## Aim of the task
Would you please transcribe the listing exactly, with no images?

## Data below
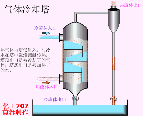 熱氣體由塔底進(jìn)入,與冷水在塔中鼓泡接觸傳熱,塔頂出口是被冷卻了的氣體,塔底出口是被加熱了的水。
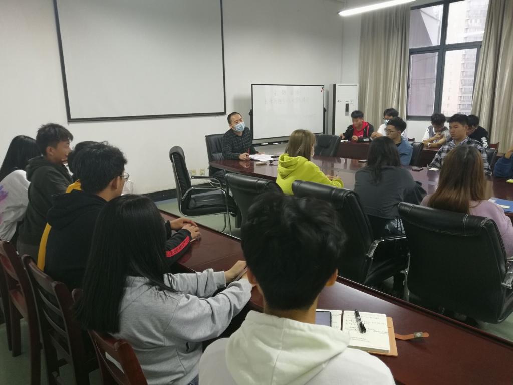 11月14日下午,402永利集团辅导员毛成兴在8F-506给大一班委上团课,团课主题为“疫情防控”和“班风学风建设”。20级所有班委听取了本次团课。
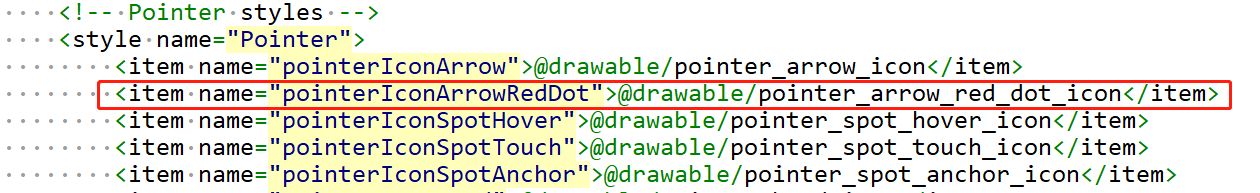 其中pointer_spot_touch_icon.xml 需要声明为 pointer-icon :
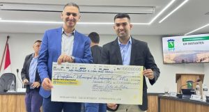 Legenda: O prefeito Selmo Alves de Souza recebeu o cheque simbólico das mãos do presidente da Câmara, Marcos Túlio, consolidando a transparência na gestão pública.

## Reply to the task
 熱氣體由塔底進(jìn)入,與冷水在塔中鼓泡接觸傳熱,塔頂出口是被冷卻了的氣體,塔底出口是被加熱了的水。
 11月14日下午,402永利集团辅导员毛成兴在8F-506给大一班委上团课,团课主题为“疫情防控”和“班风学风建设”。20级所有班委听取了本次团课。
 其中pointer_spot_touch_icon.xml 需要声明为 pointer-icon :
 Legenda: O prefeito Selmo Alves de Souza recebeu o cheque simbólico das mãos do presidente da Câmara, Marcos Túlio, consolidando a transparência na gestão pública.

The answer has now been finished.